Weszłam do lokalu. Od razu zauważyłam, że przyda się sprzątanie jak i przemalowanie ścian. Wyjęłam notes i wszystko zaczęłam zapisywać. Po zapisaniu wszystkiego wysłałam zdjęcie listy wujowi. Dodałam też, że wole najpierw przemalować budynek. Zrozumiał mnie. Kiedy szczęśliwa wyszłam z budynku i zamknęłam go to fart chciał, że gdy miałam już iść to wpadłam na kogoś przez co przewróciłam się.

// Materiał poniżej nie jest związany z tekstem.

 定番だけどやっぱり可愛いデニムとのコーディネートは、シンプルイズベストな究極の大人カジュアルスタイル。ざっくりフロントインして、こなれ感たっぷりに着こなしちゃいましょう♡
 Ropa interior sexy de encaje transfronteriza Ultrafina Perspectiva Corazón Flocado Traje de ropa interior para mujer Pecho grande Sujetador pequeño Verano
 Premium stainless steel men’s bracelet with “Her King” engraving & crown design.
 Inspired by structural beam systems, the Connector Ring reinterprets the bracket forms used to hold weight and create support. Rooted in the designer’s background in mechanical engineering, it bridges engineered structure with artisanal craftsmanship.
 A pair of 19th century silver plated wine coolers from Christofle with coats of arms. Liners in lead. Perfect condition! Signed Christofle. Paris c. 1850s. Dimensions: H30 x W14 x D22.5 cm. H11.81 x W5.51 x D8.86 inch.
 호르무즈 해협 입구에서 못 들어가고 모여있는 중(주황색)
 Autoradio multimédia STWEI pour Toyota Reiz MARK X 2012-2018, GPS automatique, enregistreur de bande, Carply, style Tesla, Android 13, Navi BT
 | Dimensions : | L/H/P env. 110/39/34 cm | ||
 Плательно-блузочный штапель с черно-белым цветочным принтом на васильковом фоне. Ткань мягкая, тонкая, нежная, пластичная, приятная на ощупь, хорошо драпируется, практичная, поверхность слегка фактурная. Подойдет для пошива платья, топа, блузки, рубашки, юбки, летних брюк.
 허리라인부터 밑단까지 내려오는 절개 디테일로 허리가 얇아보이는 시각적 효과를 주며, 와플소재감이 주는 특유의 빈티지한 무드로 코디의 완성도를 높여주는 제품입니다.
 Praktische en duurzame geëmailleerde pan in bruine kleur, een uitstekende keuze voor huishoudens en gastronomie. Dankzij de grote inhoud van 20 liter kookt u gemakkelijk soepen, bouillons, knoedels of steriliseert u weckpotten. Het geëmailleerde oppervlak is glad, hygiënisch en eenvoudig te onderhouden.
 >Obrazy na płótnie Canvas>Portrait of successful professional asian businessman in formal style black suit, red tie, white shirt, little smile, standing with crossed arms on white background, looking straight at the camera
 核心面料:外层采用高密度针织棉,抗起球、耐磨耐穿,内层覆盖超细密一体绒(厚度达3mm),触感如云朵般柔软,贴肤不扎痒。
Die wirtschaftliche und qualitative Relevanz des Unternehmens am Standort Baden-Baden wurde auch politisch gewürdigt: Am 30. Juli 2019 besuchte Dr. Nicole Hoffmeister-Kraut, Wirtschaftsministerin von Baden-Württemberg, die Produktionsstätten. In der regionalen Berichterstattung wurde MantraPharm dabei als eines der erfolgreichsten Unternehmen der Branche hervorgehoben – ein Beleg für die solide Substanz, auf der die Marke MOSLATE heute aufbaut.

-Aua. Wszystko w porządku?- Usłyszałam męski głos. Spojrzałam w stronę głosu. Na przeciwko mnie siedział mężczyzna. Na głowie miał niebieską czapkę na której miał też gogle. Ubrany był w błękitno-białą koszulkę oraz długie sportowe spodnie. Na koszulce miał kamizelkę w ciemniejszym kolorze niebieskiego, a na niej miał coś w rodzaju klamry z liczbą 10. Miał na sobie również granatowe buty z białymi i czerwonymi paskami. Przez rękawy koszulki i kamizelki oraz boki nogawek spodni przechodziły po obu stronach biało-czarno-białe pasy. Na przedramionach miał także ochraniacze w takich samych kolorach jak pozostałe części stroju. Miał szpiczaste wąsy. Mogłabym powiedzieć, że miał wąsy jak Zorro.

-Tak, tak wszystko w porządku.- Powiedziałam pośpiesznie wstając ale zachwiałam się i wpadłam na niego. Spojrzałam na niego. Nasze spojrzenia się spotkały. On... Miał tak błękitne oczy, że z jednej strony mogły by się stać mieszanką z fioletem ale... Z drugiej strony. Miał oczy jak by miał w nich niebo. W dodatku był wyższy ode mnie bo sięgałam mu prawie do ramion.- Emm... To ja już pójdę.- Powiedziałam pośpiesznie i poszłam.  W głowie miałam nadal widok jego oczu. Po wejściu do domu usiadłam na kanapie. Mój psiak od razu położył się obok kładąc pysk na moje kolana. Pogładziłam go po głowie.

(Perspektywa Sportacusa)

Stałem w miejscu. Dopiero po chwili zorientowałem się, że tej dziewczyny już nie ma. Rozejrzałem się. Nigdzie jej nie widziałem. Zacząłem iść na boisko myśląc o tej dziewczynie. Miała włosy tak jasne jakby miała je ze słońca, a jej oczy były miodowe. Byłem tak pogrążony w myślach o nieznajomej dziewczynie, że aż uderzyłem o coś upadając przy tym.

-Sportacusie!- Od razu usłyszałem głos dzieci. Podniosłem się przecierając miejsce w które uderzyłem. Spojrzałem w rzecz na którą wpadłem. Okazała się nią latarnia. Spojrzałem na dzieci.

-Wszystko w porządku Sportacusie?- Spytał się Pixel.

-Tak wszystko w porządku dzieci.- Powiedziałem uśmiechając się. Jednak częściowo myślami byłem przy tajemniczej blondwłosej o miodowych oczach. Ciekawe kim ona jest i dlaczego tu przyjechała?